We learn that Murray’s enemy is a boy named Saul “The Human Adding Machine” Rubenstein. Richie Rich, I slowly realized, is a streamable hate crime. Murray reveals that he’s scared of the “bullies at Sunday School, who always take [his] bagel money.” What — did the writers think it would be too anti-Semitic to say “Hebrew School” instead of “Sunday School”?

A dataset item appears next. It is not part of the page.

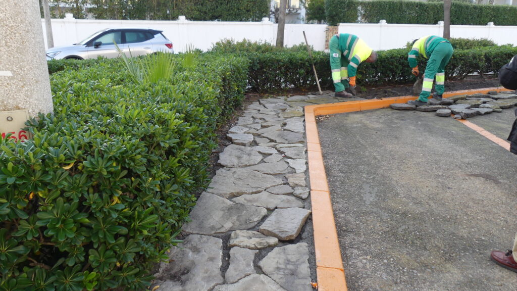 23 de enero de 2026Durante todo el mes de enero, la EUC de Costa Ballena está ejecutando trabajos de reparación de la solería de piedra que hay en la mediana de la avenida Juan Carlos I. Un tipo de solería que en realidad, resulta algo incómoda de transitar, ya que originalmente, lo que se hizo fue colocar piedra natural sobre el terreno sin tratar, provocando cierto riesgo para los usuarios ya que la separación de las piedras constituyen un firme poco regular. Además, ese diseño inicial facilita el crecimiento de malas hierbas, convirtiendo los tramos que presentan aún este planteamiento como caminos poco seguros.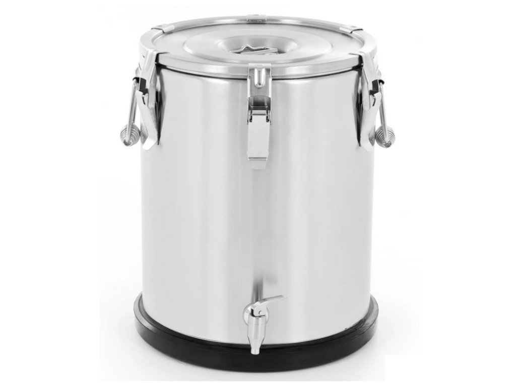 Prefesionální termos Duplitherm o objemu 25 l špičkové kvality s dvojitým pláštěm izolovaným speciální pěnou slouží pro udržení horkých i studených pokrmů a nápojů v ideální teplotě až po dobu 8 hodin. Jedná se o skvělého pomocníka při přepravě horkých jídel a tekutin. Víko s odolným silikonovým těsněním se postará o udržení správné teploty a zabraňuje vytékání tekutin a uchycuje ho 6 masivních přezek. Ergonomické rukojeti s vícebodovým svařováním slouží pro pohodlnou a bezpečnou manipulaci a úchyt víka pro zvedání víka (nepoužívejte ke zvedání várnice). Várnice vybavena výpustným kohoutem. Pro termos lze objednat nerezový podstavec.Termos s výpustným kohoutem 25 l

The presence of the show is as perplexing as its content. Is the character of Richie Rich so old that it’s now part of the public domain? That’s the only logical explanation why Netflix would license it. It must have cost next to nothing. It certainly wasn’t to up their cachet. (After all, according to yet another 1-star Netflix user review, it’s “No where [sic] near the quality of House of Cards.”)

EPISODE 9

Episode 9 (called “$pooky $tuff,” if you’re wondering) has audio sync issues. The issue being, it’s not synced. The dialogue occurs 30 seconds before the action; one would assume it would be impossible to watch, but watch it I did, as the error didn’t profoundly alter the fundamental unwatchability of the program in general.

EPISODE 10

In the final episode, Richie falls in love with his replacement maid, who happens to be in his own age bracket.2 I’d go into more detail, but what’s the point? It was bad enough I watched the damn thing; worse yet that it exists.